_Assigned task_:
Verbatim repeat, images excluded. Give each entry again as written.
[[ Data for this exercise, beginning ]]
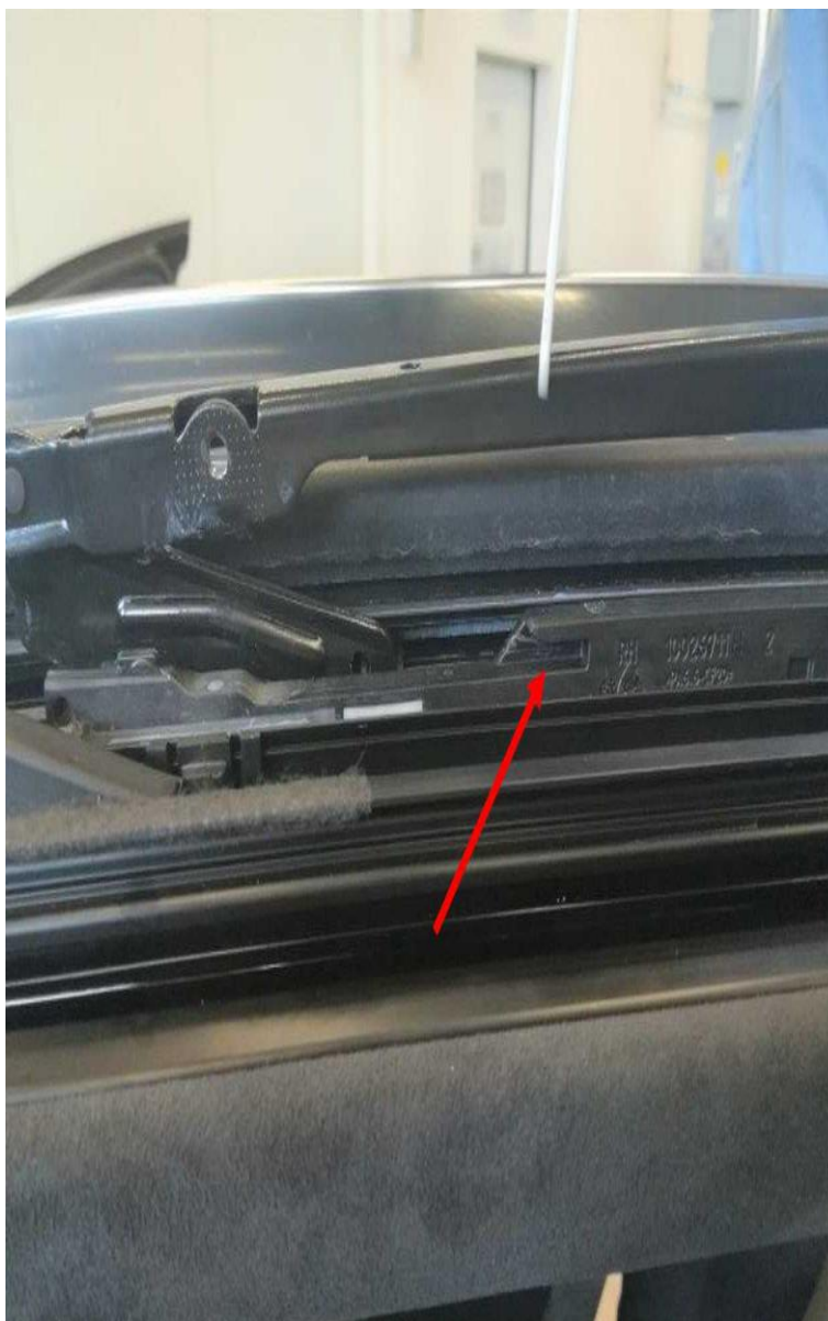
Figure 5. The groove in the slide and tilt mechanism.
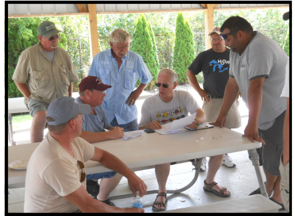
DAS & Metro-West negotiating the Fish-Off
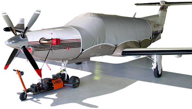
PC-12 Canopy Cover, Engine Plugs, Prop Tie/Exhaust Covers

This cover type is made from Silver Acrylic Sunbrella canvas and is 100% lined with a soft and smooth microfiber. Bruce's Custom Covers developed this material combination especially for aircraft protection. The outer material is medium weight and treated for water resistance, UV resistance and anti-static buildup. The inner lining is a very soft and smooth microfiber to prevent scratching. The material is very reflective, and tests show that the cabin interior temperature can be reduced to near-ambient temperature on the hottest of days. It is water, ice and snow repellent, yet breathable to allow moisture to escape from between the cover and the aircraft surface.
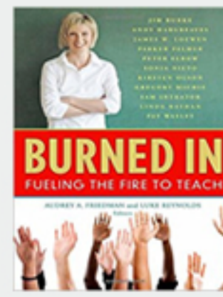
Burned In, Fueling the Fire to Teach Brief abstract on book Publisher, date
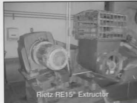
Rietz RE15" Extractor
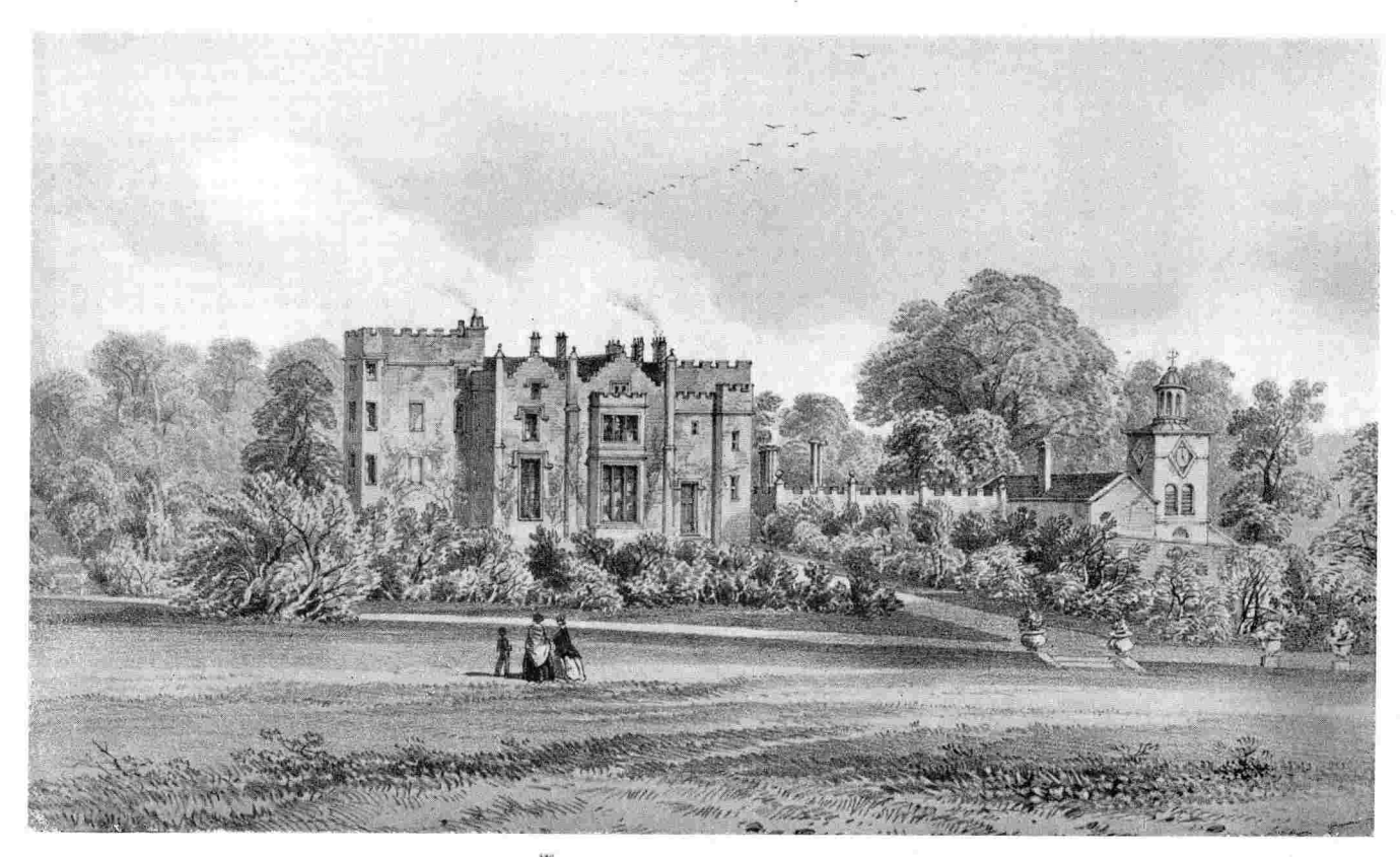
Brome Hall, about 1840.
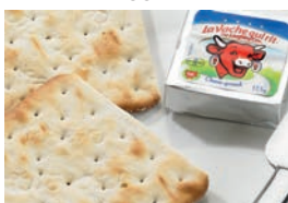
Cheese, crackers & apple wedge
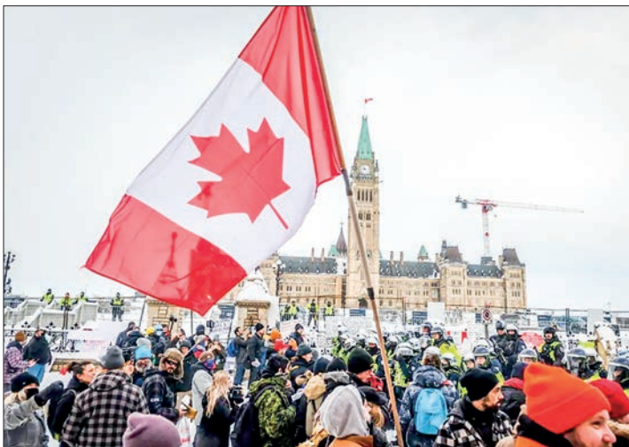
Canada approved doctor-assisted suicide for the terminally ill in 2016. This was expanded in 2021 to include adults with serious and chronic physical conditions that were not life-threatening. Demonstrators protest in front of Parliament Hill, in Ottawa, Canada on 11 December 2022.

But on Thursday Justice Minister David Lametti introduced a bill in parliament seeking a one-year extension, to 17 March 2024, for such an inclusion. —AFP
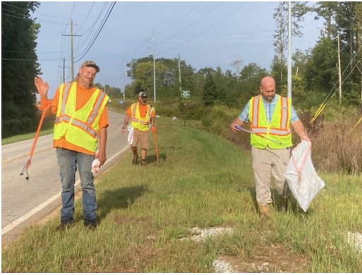
Mid-week pick up
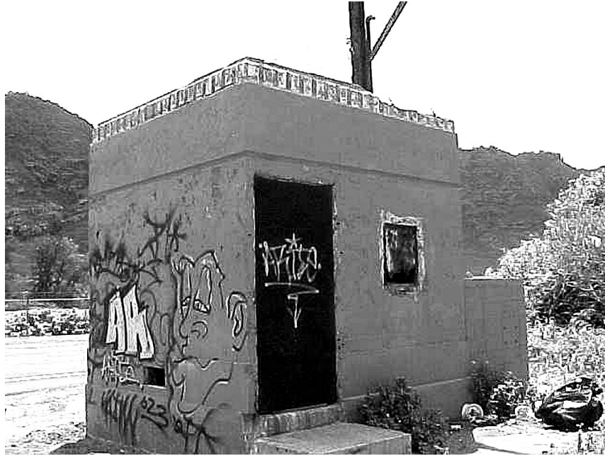
Reverse side of Feature G showing steel door and window opening to the right. Author
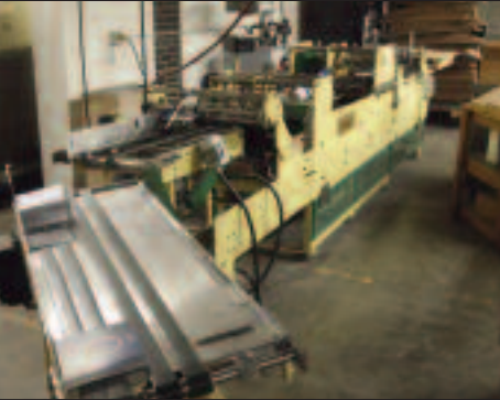
Longford CF-200 5-Card Folder
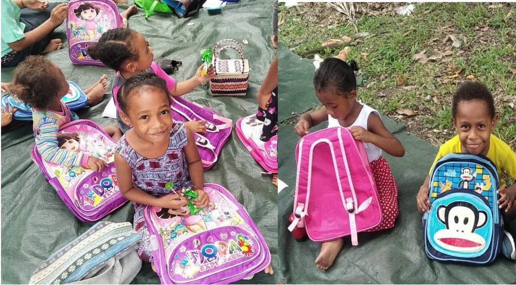
Kids from Mercy Care Grammar showing their appreciating after receiving their back to school packs.
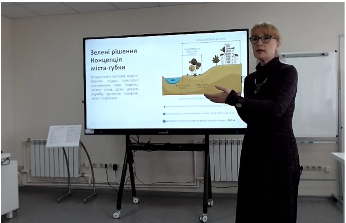
Living Way The river in the city. Answers to frequently asked questions
[[ Data for this exercise, end ]]
_Task solution_:
Figure 5. The groove in the slide and tilt mechanism.
DAS & Metro-West negotiating the Fish-Off
PC-12 Canopy Cover, Engine Plugs, Prop Tie/Exhaust Covers

This cover type is made from Silver Acrylic Sunbrella canvas and is 100% lined with a soft and smooth microfiber. Bruce's Custom Covers developed this material combination especially for aircraft protection. The outer material is medium weight and treated for water resistance, UV resistance and anti-static buildup. The inner lining is a very soft and smooth microfiber to prevent scratching. The material is very reflective, and tests show that the cabin interior temperature can be reduced to near-ambient temperature on the hottest of days. It is water, ice and snow repellent, yet breathable to allow moisture to escape from between the cover and the aircraft surface.
Burned In, Fueling the Fire to Teach Brief abstract on book Publisher, date
Rietz RE15" Extractor
Brome Hall, about 1840.
Cheese, crackers & apple wedge
Canada approved doctor-assisted suicide for the terminally ill in 2016. This was expanded in 2021 to include adults with serious and chronic physical conditions that were not life-threatening. Demonstrators protest in front of Parliament Hill, in Ottawa, Canada on 11 December 2022.

But on Thursday Justice Minister David Lametti introduced a bill in parliament seeking a one-year extension, to 17 March 2024, for such an inclusion. —AFP
Mid-week pick up
Reverse side of Feature G showing steel door and window opening to the right. Author
Longford CF-200 5-Card Folder
Kids from Mercy Care Grammar showing their appreciating after receiving their back to school packs.
Living Way The river in the city. Answers to frequently asked questions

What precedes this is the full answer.